Identifying Galactic PeVatrons with Neutrinos
M.C. Gonzalez-Garcia, Francis Halzen, Soumya Mohapatra

TL;DR
This paper evaluates IceCube's potential to detect neutrinos from Galactic cosmic ray sources, showing it could identify such sources within a few years by analyzing secondary muon energies to distinguish signals.
Contribution
It provides a realistic assessment of IceCube's ability to identify Galactic PeVatrons using energy discrimination of muons, considering astrophysical uncertainties.
Findings
IceCube can identify Galactic sources at 3 sigma in 1 year.
IceCube can reach 5 sigma detection in 3 years.

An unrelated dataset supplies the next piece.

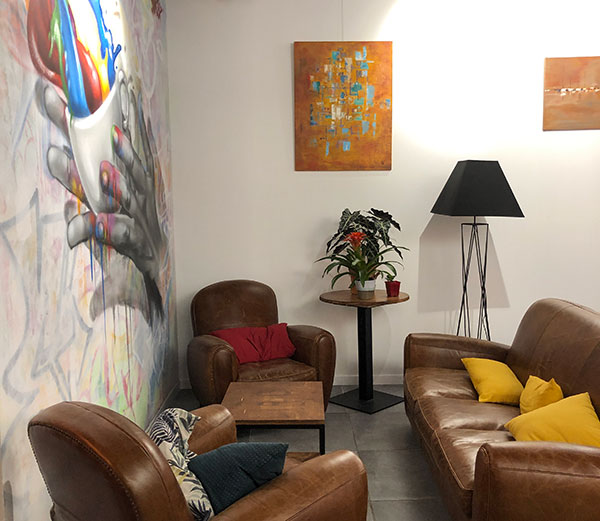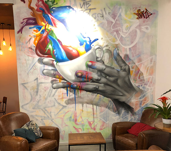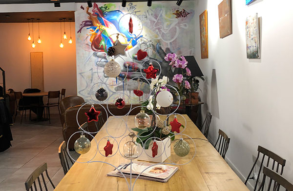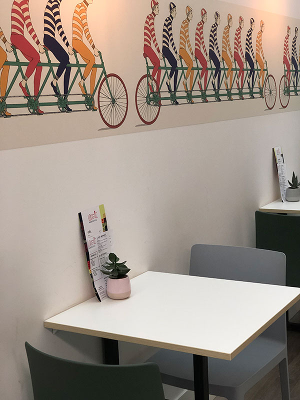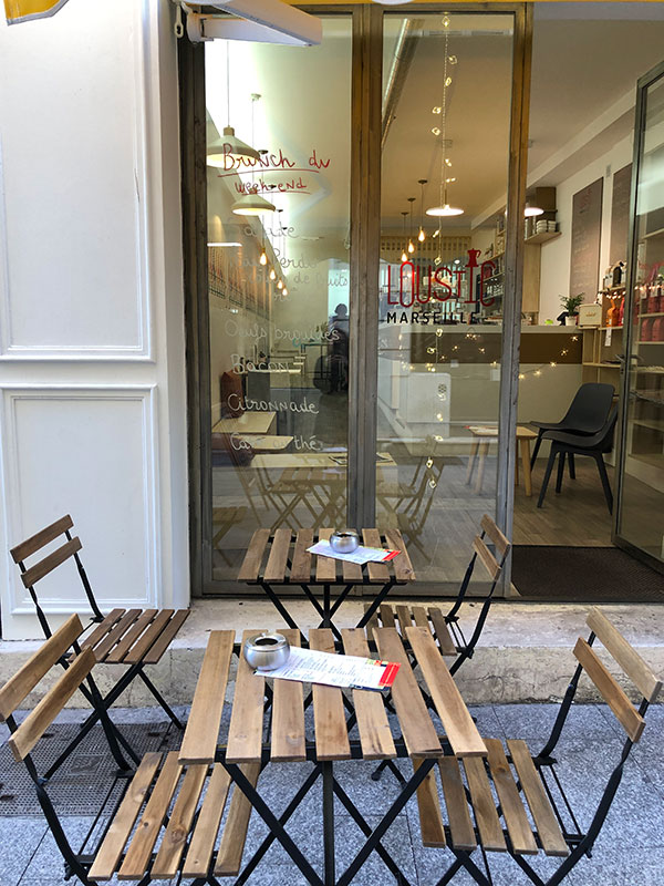 [dropcap text_color= » » background_color= »dark »]O[/dropcap]uvert en juillet 2018, en plein du centre-ville marseillais, Loustic s’engage à proposer un café de qualité associé à une cuisine exclusivement maison et de saison. Dans un espace de 70 m2 épurés et décorés d’une banderole de papier peint colorée, qui met à l’honneur des cyclistes (La Ressource), on observe la réalisation des mets, sous nos yeux, en cuisine : gage de confiance et de qualité. On se laisse tenter par une brioche à la cannelle qui sort tout juste du four et que l’on accompagne d’un délicieux café ou d’un succulent thé en provenance directe de chez Luciole (rue Venture). Ici, le café provient de différentes torréfactions réalisées à l’extérieur (Café Piha à Bordeaux ; Caffenation en Belgique) mais également en interne, avec Palo Blanco le propre café de Juan Pulgarin, figure emblématique du lieu (torréfacteur & chef cuisinier). Channa, le responsable, désireux de répandre la culture du café (déjà un Loustic à Paris dans le Marais), propose dans son coffee shop, tous les 15 jours, des dégustations de café gratuites (les cuppings, sur réservation), des cours de barista individuels d’une heure (20 €), des cours de « latte art » d’une heure (20 €)… Bien plus qu’un coffee shop, Loustic promeut et enseigne l’art et la culture du café !
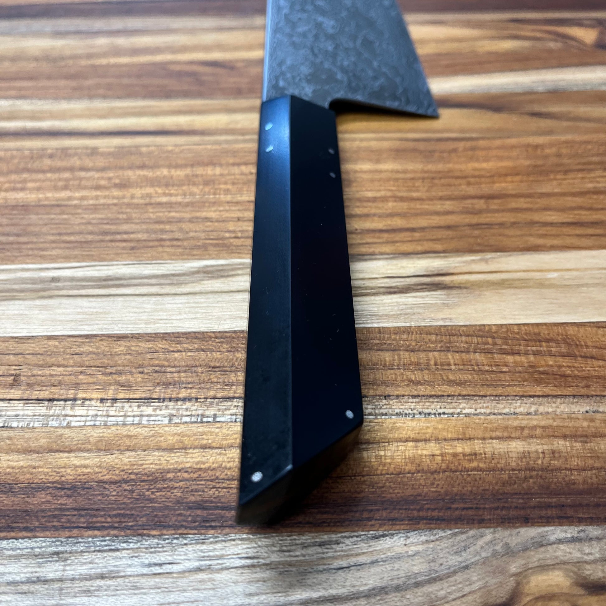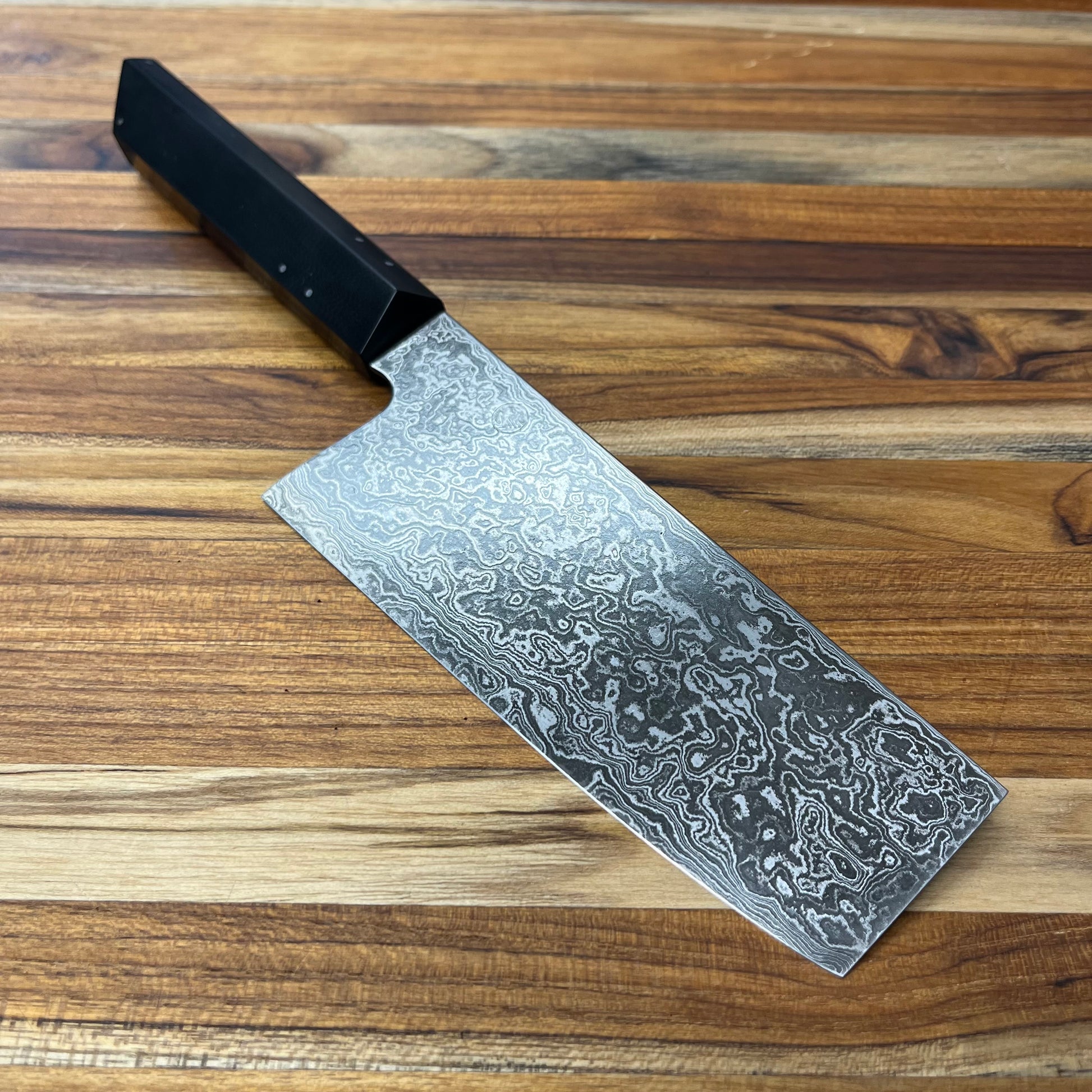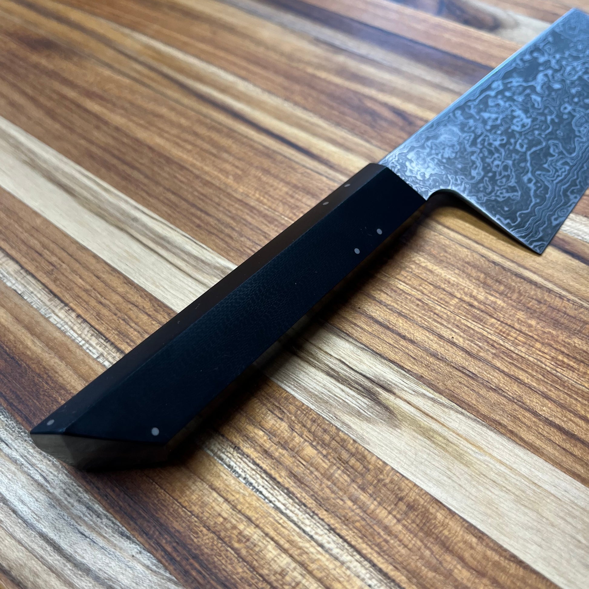 This beautiful, carbon steel nakiri/ko-nakiri is the perfect blend of functionality and artistry. The framed walnut handle with G10 scales fits nicely into the hand and provides an excellent grip and balance to the knife.

Energy measurement improves signal-background discrimination.
Abstract
We perform a realistic evaluation of the potential of IceCube, a kilometer-scale neutrino detector under construction at the South Pole, to detect neutrinos in the direction of the potential accelerators of the Galactic cosmic rays. We take fully account of the fact that the measurement of the energy of the secondary muons can be used to further discriminate between the signal and the background of atmospheric neutrinos. We conclude that IceCube could identify the sources in the Milagro sky map as the sources of the Galactic cosmic rays at the 3 sigma level in one year and at the 5 sigma level in three years. We discuss the dependence of these expectations on ambiguities, mostly associated with our incomplete knowledge of the astrophysics of the sources.